The highlight of the evening was short piece of Poet's Theatre. Most of what Peter Anderson said during this was inaudible because of bad sound in the hall, but the action seemed clear.
He tore off large pieces of newspaper that were pasted on a wardrobe on the stage, then climbed inside and closed the door after him.
Afer speaking unintelligibly from inside the wardrobe for a while, he tumbled out naked, slashed in the air with a pair of scissors, which he then used to cut off most of his hair.
He then started stabbing at the mirror of the wardrobe in what appeared as a violent attack on either the hiding place where he had closeted himself or the mirror reflecting his own naked image or both.

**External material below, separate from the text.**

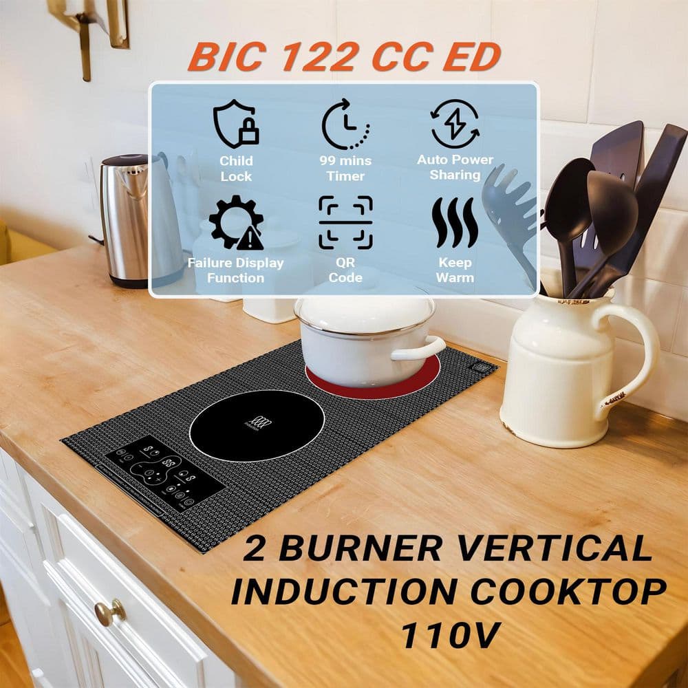 BIC 122 CC ED: The Art of Precision CookingSome kitchens demand more than a basic stovetop. They require an appliance that moves with your rhythm, responds to your touch, and makes every meal an effortless masterpiece. Enter the BIC 122 CC ED, a sleek black, two-burner built-in induction cooktop designed for those who demand speed, precision, and efficiency. With 1800W of total power, a 1400W booster, and auto power sharing, this vertical cooktop heats up in seconds and adjusts seamlessly to your needs-whether you're searing, simmering, or simply keeping a dish warm.Designed for built-in or freestanding installation, this compact powerhouse fits seamlessly into any space. Its intuitive touch controls, 99-minute independent timers, and residual heat indicator offer effortless operation and built-in safety. And with child lock, automatic safety shutoff, and high/low voltage protection, the BIC 122 CC ED isn't just smart-it's safe.

Eventually the mirror broke and simultaneously the lights were switched out by Robert Whyte who had been sitting in front of the stage beside a conspicuous power switch.
With most theatrical experiences there is the knowledge that the performance will be repeated time after time. The intensity of this particular experience was increased by the nature of the event: the once-only occasion of the launching of a book.
Peter Anderson's behaviour was anything but glib and confident. The result resembled more the making of a statement than the giving of a performance.
The shouted repetition of the word Remember accompanied the breaking of three major personal taboos that most of us abide by -- we don't go naked in public, or hack off our own hair, or break large mirrors.
On the night that his first book was launched, the author seemed to be using powerful imagery to say good-bye to a former way of life. -- Brian Watson.
This review appeared in Semper Floreat.